# Printing properties in a foreign language



## Brenz (Dec 8, 2003)

It seems that some of the tabs in my print properties on my windows 98 computer is in a foreign language.. Any one know how I can change it back to English? I'm unsure how they got that way, or what happened. I even reinstalled the printer and it's still the same. So I'm not sure what I am doing wrong. 

Any suggestions please..


----------



## Sid9678 (Nov 25, 2003)

Open up Control Panel and then double click on Regional Settings and change the language there.


----------



## Brenz (Dec 8, 2003)

It was already set for English United States


----------



## Sid9678 (Nov 25, 2003)

and it still shows up in a foreign language? If you I think when the printer was installed someone choose another language. Try finding the properties for the printer or software, maybe you canchange it there or you can uninstall it and re-install it.


----------



## Sid9678 (Nov 25, 2003)

Try this link out: http://h10025.www1.hp.com/ewfrf/wc/...3&lang=en&lc=en&cc=us&dlc=en&docname=bpy20311


----------



## Brenz (Dec 8, 2003)

It's a network printer. My only options are to add a new printer. Maybe I grabbed the wrong driver during the install? The printer is also installed on 2 other computers and they are ok.


----------



## Sid9678 (Nov 25, 2003)

yes that could be the problem, maybe you download the wrong driver.


----------



## Brenz (Dec 8, 2003)

Yep it was the driver.

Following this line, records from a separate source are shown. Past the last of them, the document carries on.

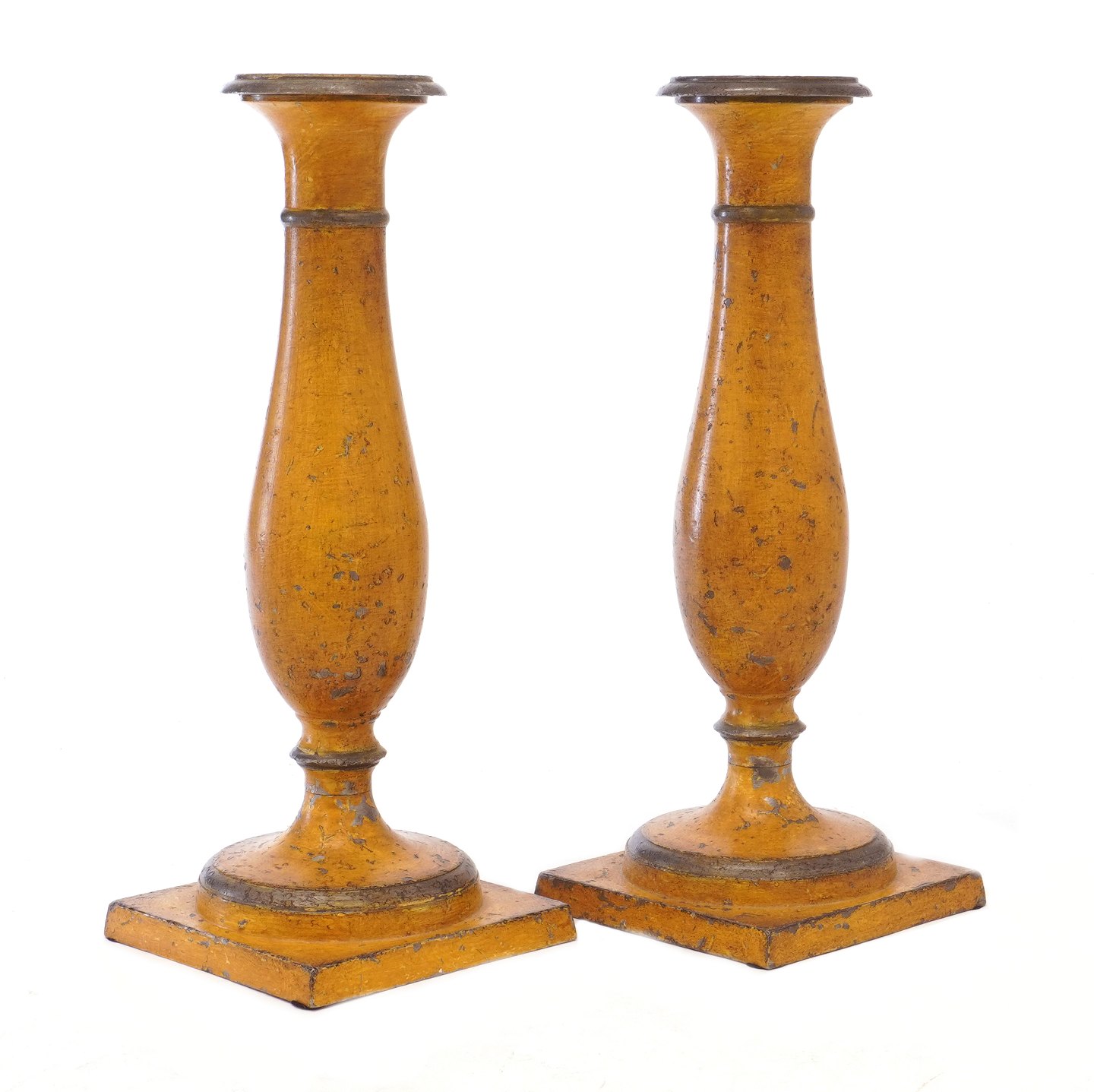 Et par mørkegule originaldekorerede tulipanstager udført i tin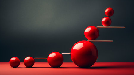Red Metallic Ball Induce to Movement Metallic Balls Mechanism Spotlighted on Black Background with Copy Space 3D Illustration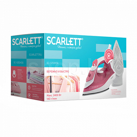 Scarlett SC-SI30K56 с пластиковым корпусом розового цвета снабжен идеально гладкой подошвой с керамическим покрытием KeramoPro, которая обеспечивает отличное скольжение и бережное отношение ко всем видам тканей.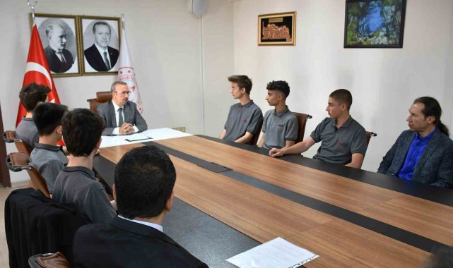 Uluslararası Robot Yarışması'nda derece alan öğrencilerden İl Milli Eğitim Müdürü Aydın'a ziyaret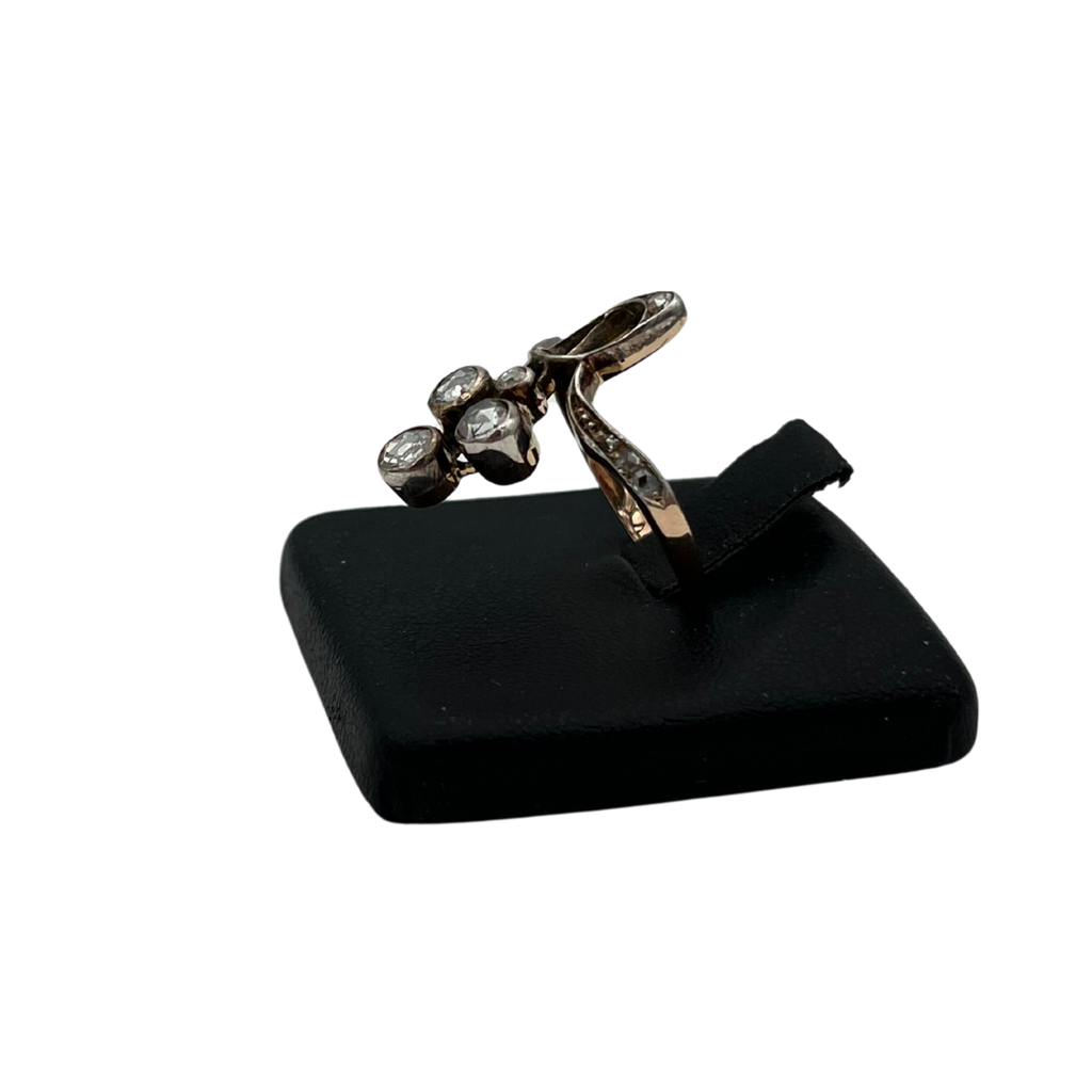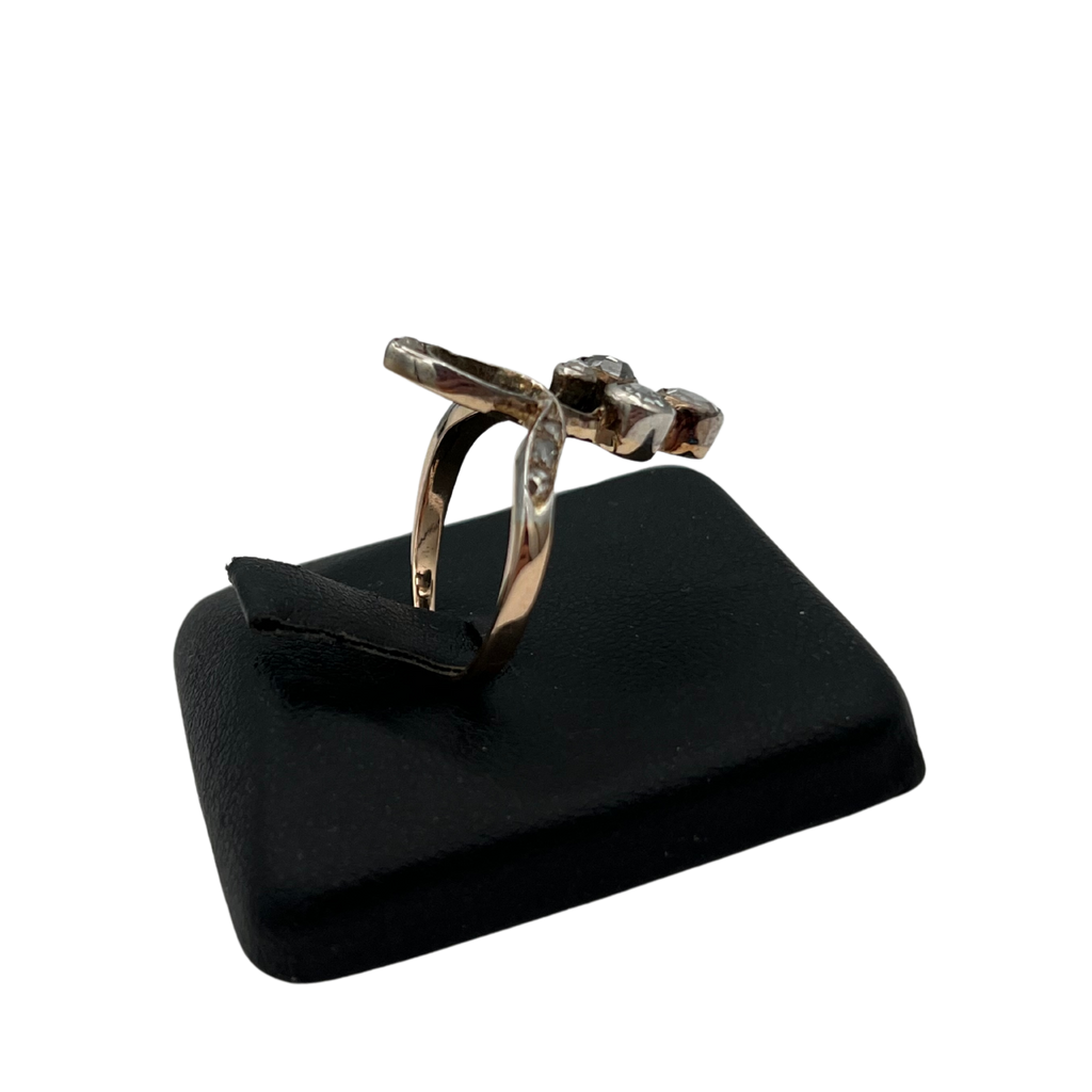 A unique antique ring featuring rose cut diamonds set in silver on 14k rose gold.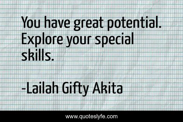 "Lailah Gifty Akita Quotes." Quoteslyfe.com, 2025. Sat. 06 Dec. 2025. <https://www.quoteslyfe.com/quote/You-have-great-potential-Explore-your-special-229935>.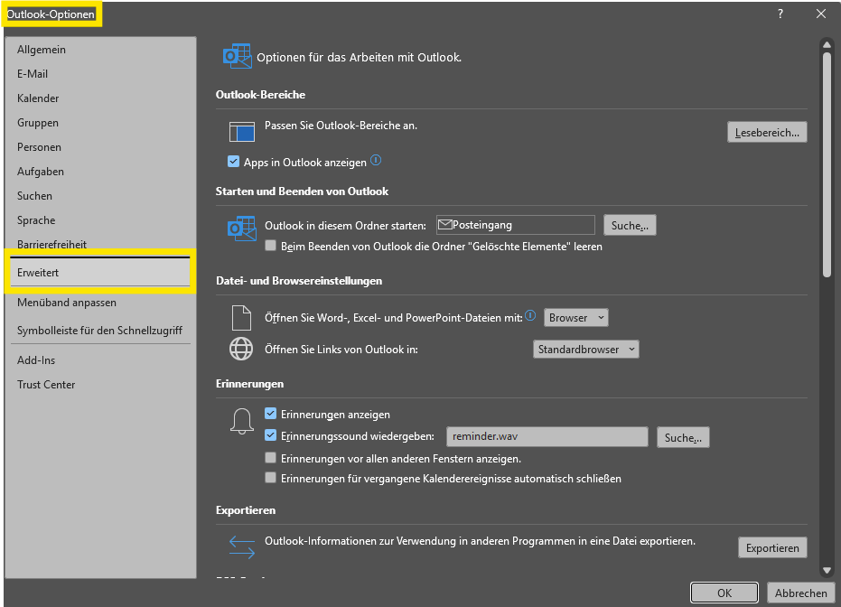 Datei > Optionen > Erweitert klicken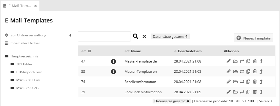 Templates: E-MailTemplates stellen einen Werkzeugkasten verschiedener Artikeltypen bereit, aus dem Sie jeden Ihrer Newsletter individuell befüllen können. Damit haben Sie wesentliche Vorteile gegenüber einem Mailing ohne Template: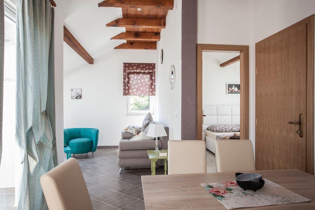 The reservation of the apartment was made after a previous conversation with the owner and was paid after the same down payment of HRK 1,000. When we arrived at the apartment, we were convinced that everything was not exactly as shown in the photos. The apartment is advertised as A4. To anyone reasonable, this would mean that there are four beds. In the ad, there are two photos that give the impression that there are two bedrooms with two beds each. However, it is the same room only with two different bedding. So where to put two more people? On that extra bed? How is it possible that someone advertises as A4, and does not have the basic conditions for that? That's why I won't go on and write about the fact that my original question was whether the apartment is available for a disabled person? Of course, if we had to give up the accommodation on the spot and buy another one... the advance payment was not returned!!

This is weird, I went to the hp site and downloaded their driver which came with the software which was the same as on my hp CD. When I searched for the driver it was in the exact same folder as it was on the CD. Why it was installing like that I don't know, or why it didn't install like that on the other computers?  

Anyway all is fixed now, thank you for your time and help Sid9678 :up: :up:


----------